Tonight’s menu features the Cantanzaro spice mix. Cantanzaro is a city in Italy. So there are a lot of herbs this Italian girl recognizes: marjoram, basil, thyme, rosemary and oregano. And garlic, lots of garlic. But the kicker is the lemon and lemon peel.
It’s all very fresh for late summer/early fall harvest and great for grilling. Then I’ve added a fresh take on how to use the last of those fresh tomatoes. And just because I’m feeling ambitious, I included Gelato recipes.
I processed the few grapes I got this year into juice that I then add to my morning shakes. My neighbor gave me a handful of passion fruit, as an exchange for all my plums her toddler loves to eat. So I also added those to my shake this morning.
Not exchange was not necessary, he can have all the plums he wants! He’s a pandemic baby, born just as we went into lockdown, so I have probably seen more of him than I normally would, as mom and dad walked around the neighborhood several times a day and my office faces the street. Socially distant chats were a welcome diversion.
It’s been my pleasure to watch him grow and start walking and now starting to talk, enough to make his desire to pick plums from my tree clear. Still a nice distraction from work, as far as I’m concerned.
This morning’s smoothie:
Mixed Berry Smoothies
1 cup milk
1/2 cup plain yogurt
1/2 cup ea: blueberries and raspberries, frozen
4-6 whole strawberries, frozen
1/4 cup fresh grape juice
2 passion fruit (scooped from shell)
opt: 1 tbsp ground flax and 1 scoop whey powder
Add all ingredients to the blender and blend well. This makes 2 thick smoothies. For more of a milkshake consistency, add 6 ice cubes and blend well. I use frozen fruit, so I don’t add the ice cubes, but sometimes a bit of water to make a smooth consistency.

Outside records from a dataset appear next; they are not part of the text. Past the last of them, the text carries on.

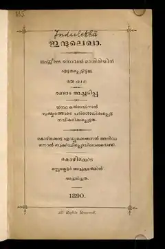 Indulekha is a Malayalam novel written by O. Chandu Menon. Published in 1889, it was the first major novel in the Malayalam language. It was a landmark in the history of Malayalam literature and initiated the novel as a new flourishing genre.[1] The novel is about a beautiful, well-educated lady of a Nair tharavad.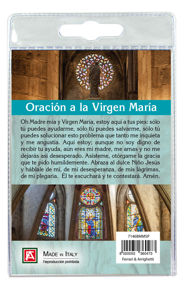 Il Portachiavi è confezionato in un blister con all'interno l'immagine della Basilica sul cui retro è stampata una preghiera dedicata alla Vergine Maria *(in spagnolo).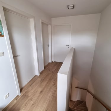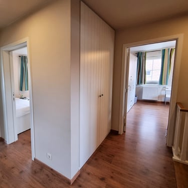 De nachthal op de eerste verdieping is voorzien van ingemaakte kasten en geeft toegang tot 3 grote slaapkamers en badkamer. De masterbedroom heeft een aansluitend ook een praktische dressing.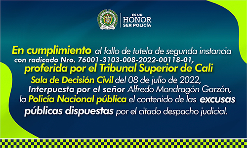 En cumplimiento al fallo de tutela de segunda instancia con radicado Nro. 76001-3103-008-2022-00118-01, proferido por el Tribunal Superior de Cali – Sala de Decisión Civil del 08 de julio de 2022, interpuesta por el señor ALFREDO MONDRAGÓN GARZÓN, la Policía Nacional pública el contenido de las...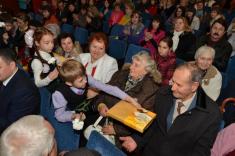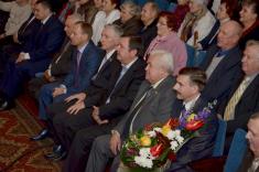Наталію Іванівну Александрову, колишню багаторічну очільницю Радянськослобідської загальноосвітньої школи Владислав Атрошенко привітав квітами. При цьому він наголосив, що у її особі дякує всім учителям за наполегливість, бажання створювати для своїх вихованців кращі умови для навчання.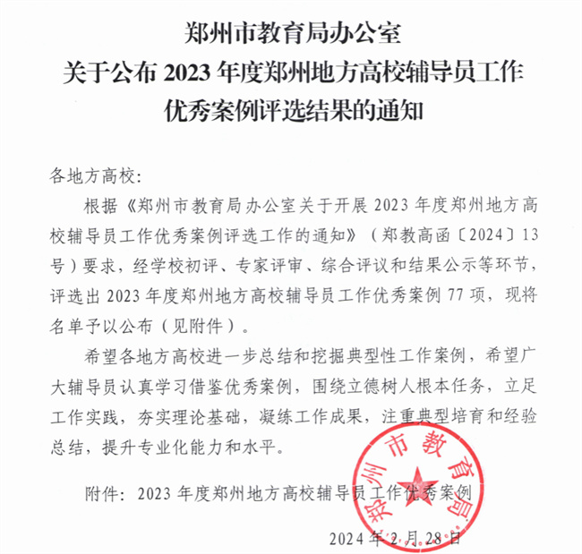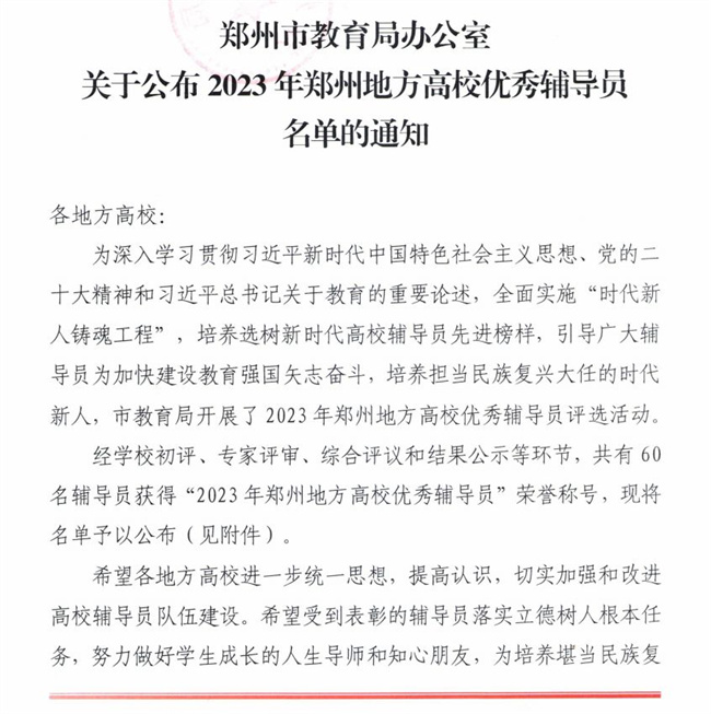 中新河南網(wǎng)3月11日電(韓園) 近日,根據(jù)鄭州市教育局辦公室發(fā)布的《關(guān)于公布2023年度鄭州地方高校輔導(dǎo)員工作優(yōu)秀案例評選結(jié)果的通知》(鄭教高函﹝2024﹞126號)、《關(guān)于公布2023年鄭州地方高校優(yōu)秀輔導(dǎo)員名單的通知》(鄭教高函﹝2024﹞127號)文件。鄭州軟件職業(yè)技術(shù)學(xué)院老師李田文榮獲“2023年度鄭州地方高校優(yōu)秀輔導(dǎo)員”稱號;蕩涱I(lǐng)申報(bào)的案例《褪去“功利”,沖當(dāng)先鋒》、葉海月申報(bào)的案例《護(hù)航心理健康 引領(lǐng)學(xué)業(yè)成長》成功入選2023年鄭州地方高校輔導(dǎo)員工作優(yōu)秀案例。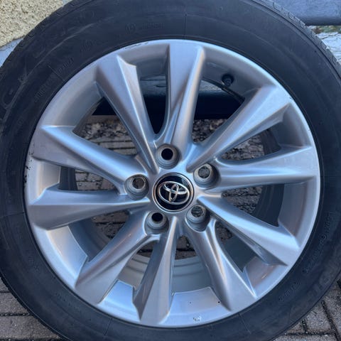 Vi erbjuder en fin och komplett uppsättning original Toyota aluminiumfälgar i 16 tum, monterade med premium sommardäck Michelin Primacy 4.

As best as I know, this is a basic sweet basil but it has yet to send out any flowers. I’ve clipped several stalks for kitchen use but not all of them. It should be full of flower stalks with bees abuzz.

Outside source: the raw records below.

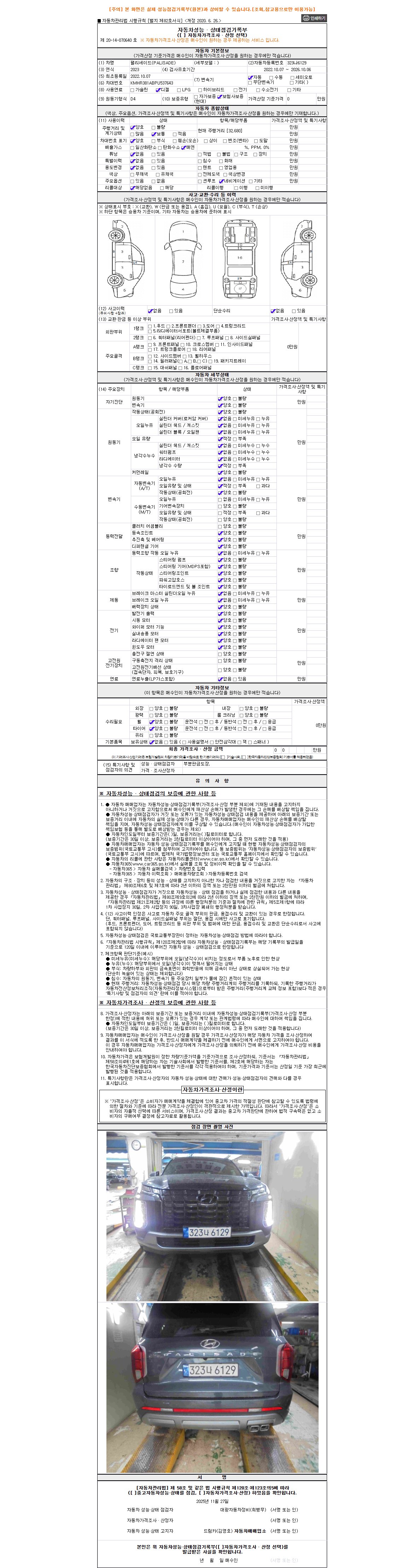 -중고자동차 매매업자를 통해 차량을 구입하실 경우 반드시 "중고자동차 성능, 상태점검 기록부"를 교뷰 받으셔야 하며, 매매업자는 반드시 의무 교부 하여야 압니다.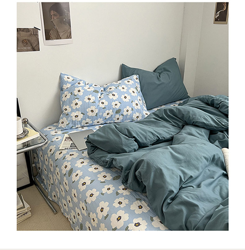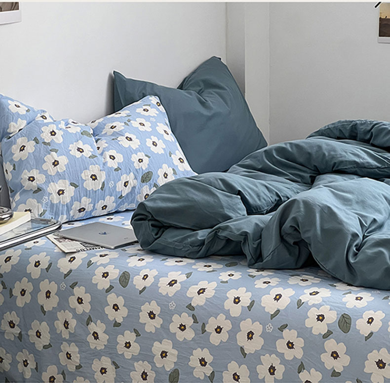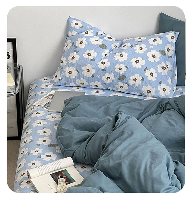 梦嘉居 2023新款水洗棉双层纱亲肤舒适单床笠 雾霾兰+花溪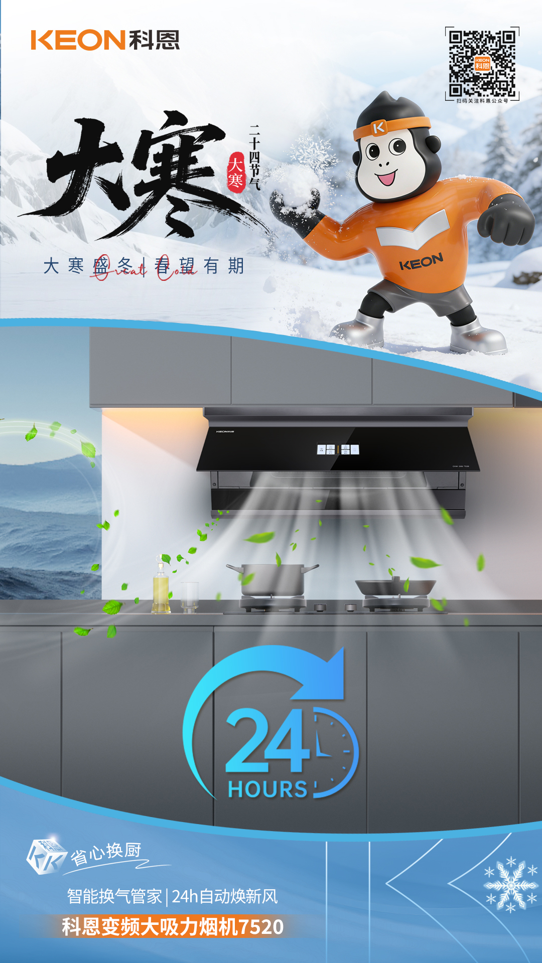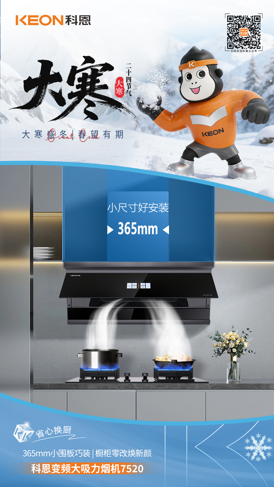 大寒暖廚無煙擾,科恩煙機7520解鎖烹飪新境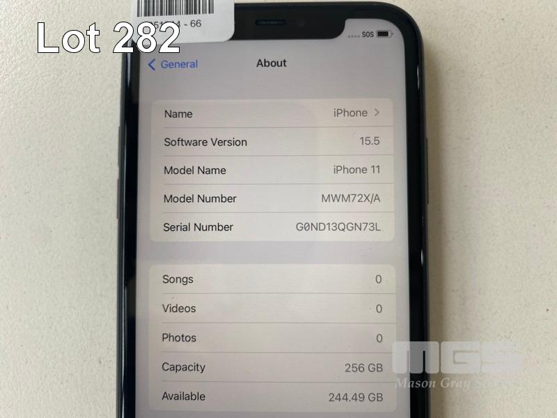 APPLE iPHONE 11, 256GB, BLACK, MODEL MHDA3X/A (NO CHARGER, NO CABLE) S/N:G0ND13QGN73L

The holy basil isn’t shy about flowering, nor is the Thai basil:
The orange peppers to the right are shishito peppers that all the in crowd foodies were gushing about a year or two ago. They are ordinarily used green but these are turning ripe. The peppers are supposed to be mostly sweet but every one I’ve tried so far has set my mouth afire. They are in the same category as the habaneros on the other bench – pretty to look at.
Pictured: Quick and Easy Pasta Salad, recipe here, along with several other summer salad recipes.
One of my favorites:
Chipotle Macaroni Salad
1 cup mayonnaise
2 chipotles in adobo sauce, chopped
1 tablespoon adobo sauce
1 tbsp limejuice
Mix together ingredients and set aside while macaroni cooks.
1 lb elbow macaroni
1/2 tsp garlic powder
1 stalk celery, minced
4 green onions, chopped
1 tbsp lemon juice
2 tbsp minced parsley
2 large tomatoes, chopped (or equivalent)
8 oz cubed sharp cheddar cheese
4 thick cut bacon strips, cooked and crumbled (optional)
1 cup chipotle mayonnaise
Salt and freshly ground black pepper
Bring water to a boil, add 1 tsp salt and macaroni. Cook until al dente (firm to tooth). Immediately drain and rinse with cold water to stop the cooking process. Do not drain well, allow macaroni to stay wet, remove to bowl. Immediately add garlic, celery, onion, parsley and lemon juice and let sit for 5 minutes. Stir in cheddar cheese, tomatoes, bacon and chipotle mayonnaise. Salt and pepper to taste. Allow to chill 15 – 30 minutes. Serves 8-10.